== Problem description ==
Lines to restate from the data below: from the one containing "Täydellisen aavemaisia Halloween- ja" to the one containing "怎么加入葆婴公司(加入葆婴要多少钱,会得到什么产品)", both included. Give them again exactly, and only them.

== Data provided ==
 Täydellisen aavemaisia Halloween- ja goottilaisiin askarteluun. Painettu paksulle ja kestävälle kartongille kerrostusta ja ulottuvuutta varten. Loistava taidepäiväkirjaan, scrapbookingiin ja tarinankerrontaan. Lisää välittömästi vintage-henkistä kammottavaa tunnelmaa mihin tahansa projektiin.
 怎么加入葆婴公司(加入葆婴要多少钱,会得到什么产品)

* * *

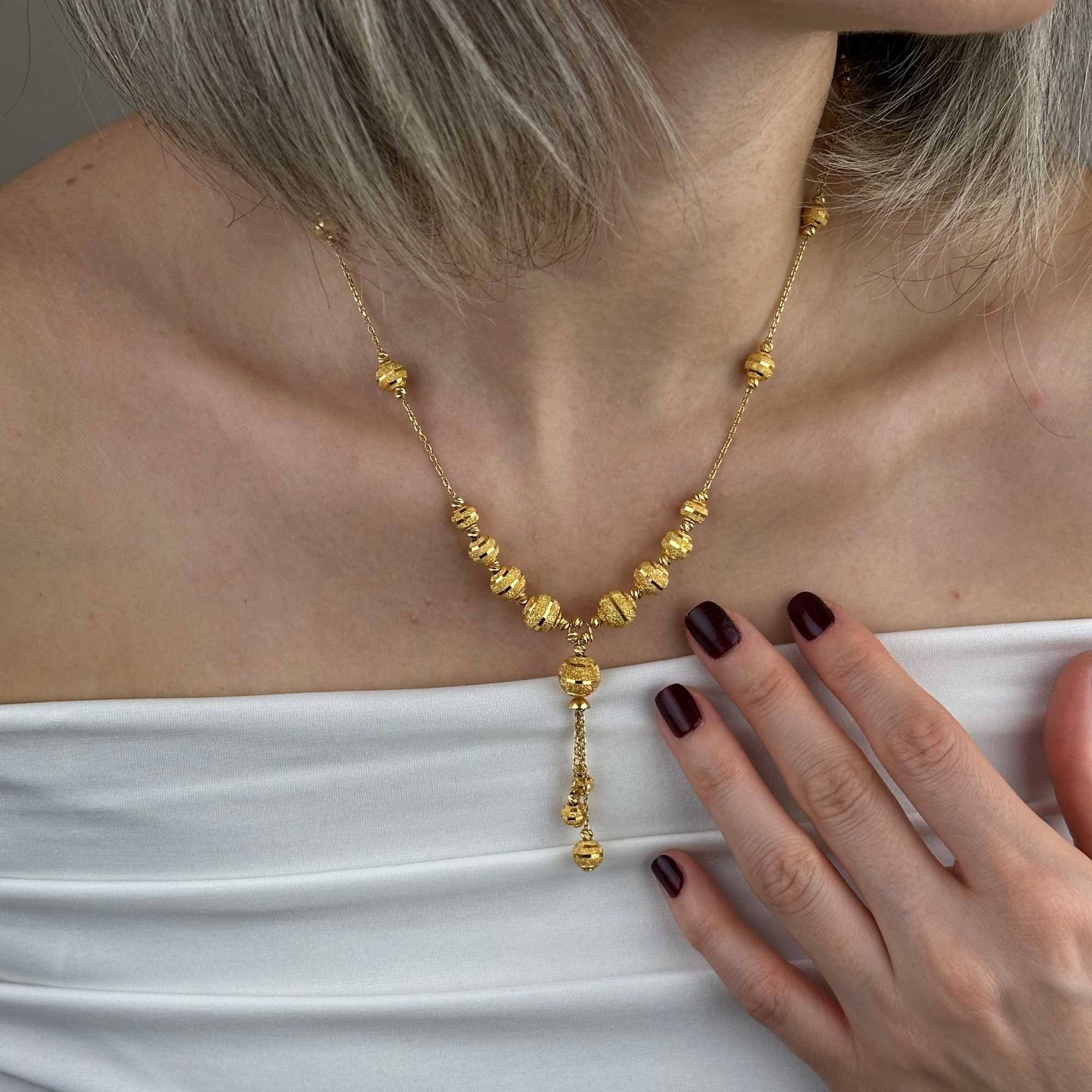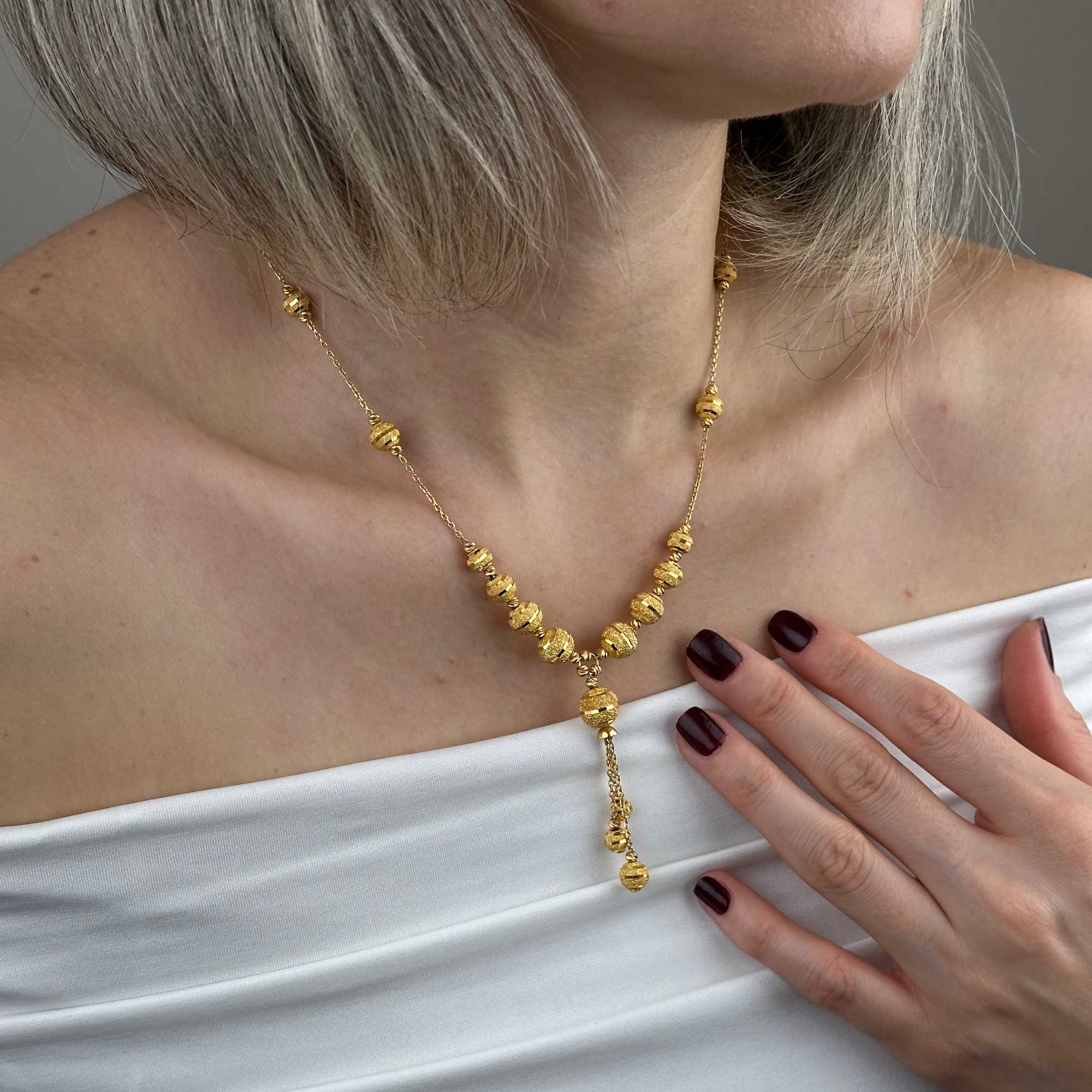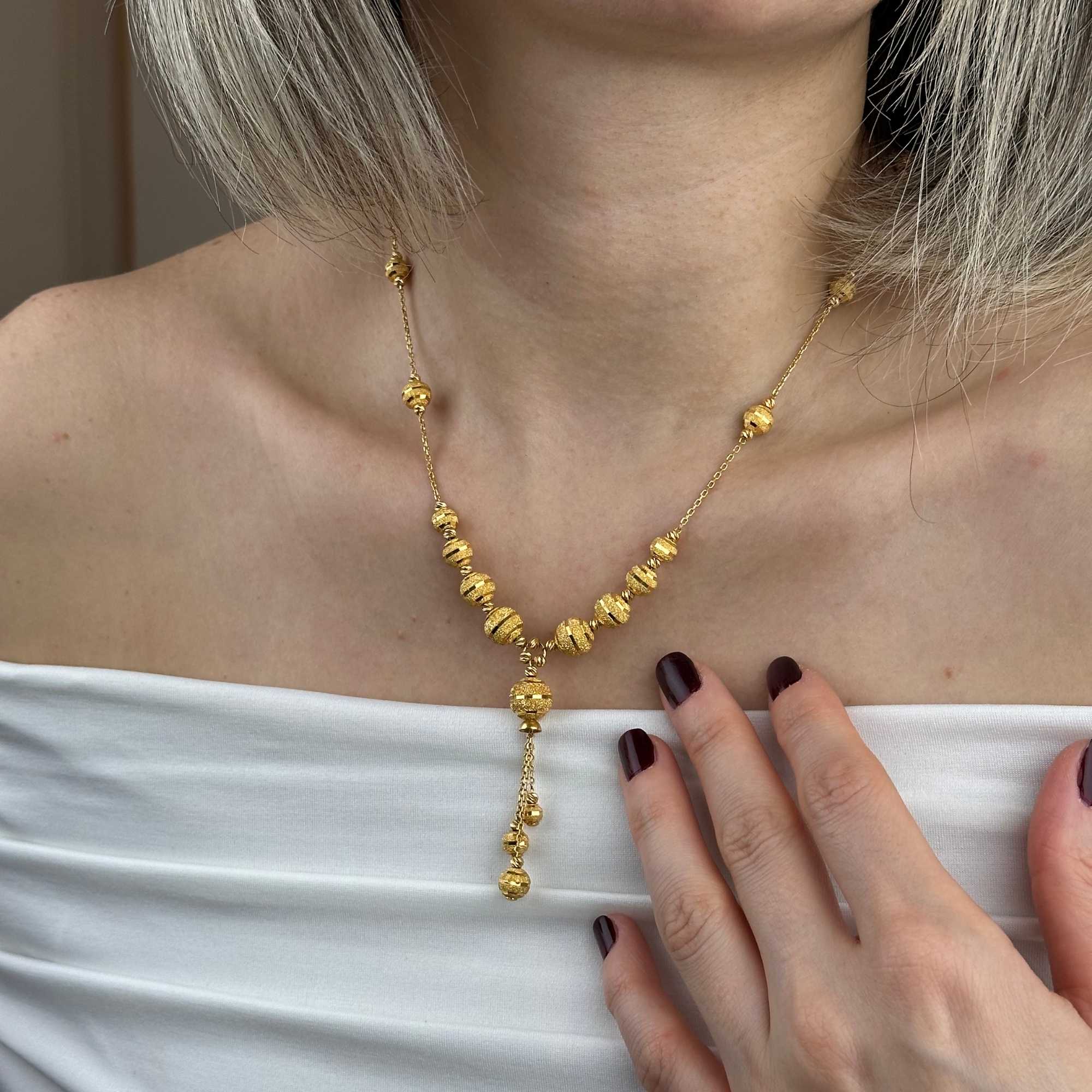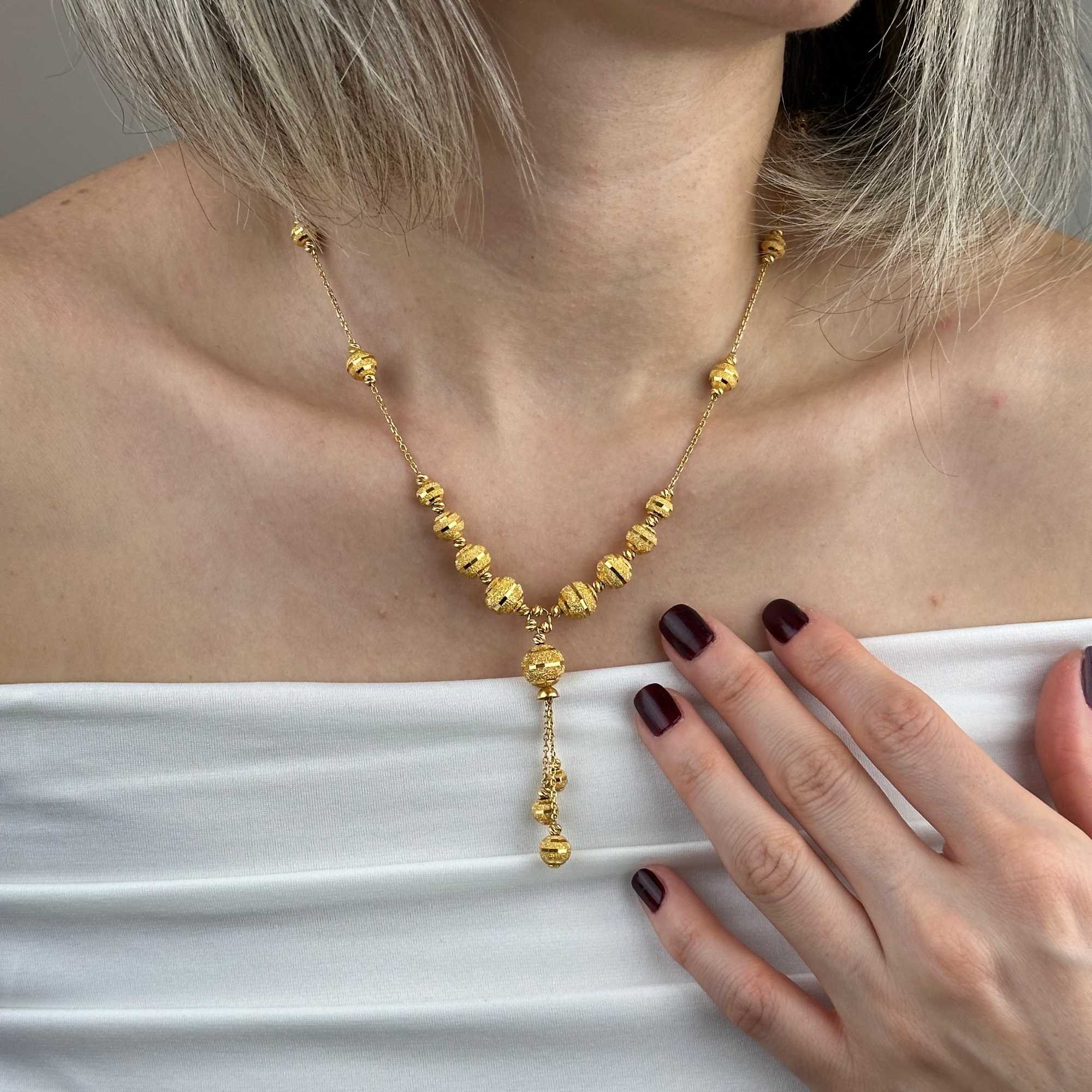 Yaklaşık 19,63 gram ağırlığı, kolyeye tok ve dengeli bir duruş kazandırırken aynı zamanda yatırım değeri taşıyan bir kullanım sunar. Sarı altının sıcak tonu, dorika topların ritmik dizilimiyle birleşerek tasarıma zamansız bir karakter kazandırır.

== Solution to this task ==
 Täydellisen aavemaisia Halloween- ja goottilaisiin askarteluun. Painettu paksulle ja kestävälle kartongille kerrostusta ja ulottuvuutta varten. Loistava taidepäiväkirjaan, scrapbookingiin ja tarinankerrontaan. Lisää välittömästi vintage-henkistä kammottavaa tunnelmaa mihin tahansa projektiin.
 怎么加入葆婴公司(加入葆婴要多少钱,会得到什么产品)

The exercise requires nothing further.